Abstract: When investigating electrical discharges for aerospace applications, real-world conditions often deviate from textbook ideals, featuring nonuniform environments with reactive and flowing gases. This presentation highlights two examples of such scenarios and their implications. The first case examines the application of plasma technologies to enhance and control challenging combustion regimes, emphasizing the overlooked backward problem - how combustion influences electrical breakdown and discharge dynamics. Using nanosecond pulsed discharges at kHz frequencies to mitigate flame instabilities in lean mixtures reveals critical pulse-to-pulse variations that can impact the actuation authority of the discharge. The second case looks at the interaction of lightning discharges with aircraft during flight. During the damaging current flow phase, the aircraft can travel ten times its length, and during this time, the arc dynamically interacts with the fluid boundary layer and undergoes reattachment to new locations - a phenomenon known as the swept stroke phase. Understanding the coupled dynamics of the flow physics and the electrical breakdown can inform the design of future lightning protection schemes.

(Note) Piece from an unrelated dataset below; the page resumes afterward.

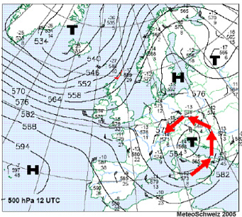 Bild der Höhenströmung verdeutlicht, wie das Tief, das im Gegenuhrzeigersinn

Bio: Carmen Guerra-Garcia is an associate professor of aeronautics and astronautics at the Massachusetts Institute of Technology (MIT), where she leads the Aerospace Plasma Group, focused on the intersection of aerospace engineering, low temperature plasma technologies, and gas discharge physics. The group's current efforts span from aircraft safety issues (interaction of lightning with aircraft, novel methods for protection and mitigation against lightning strike damage), to plasma technologies for ignition, combustion, and chemical conversion, and combine multi-physics modeling, computation, and experimentation. Prior to joining the MIT faculty, Guerra-Garcia worked as a research engineer in Boeing Research and Technology Europe and was a visiting researcher at Princeton University. She earned her BS in aeronautical engineering from the Polytechnic University of Madrid, and her SM and PhD degrees in aeronautics and astronautics from MIT. Guerra-Garcia is a recipient of the NSF CAREER Award (2024) and the Office of Naval Research Young Investigator Award (2021), and her teaching and mentoring have been recognized by the Junior Bose Award for Excellence in Teaching (2024) and the Earll M. Murman Award for Excellence in Undergraduate Advising (2021), respectively.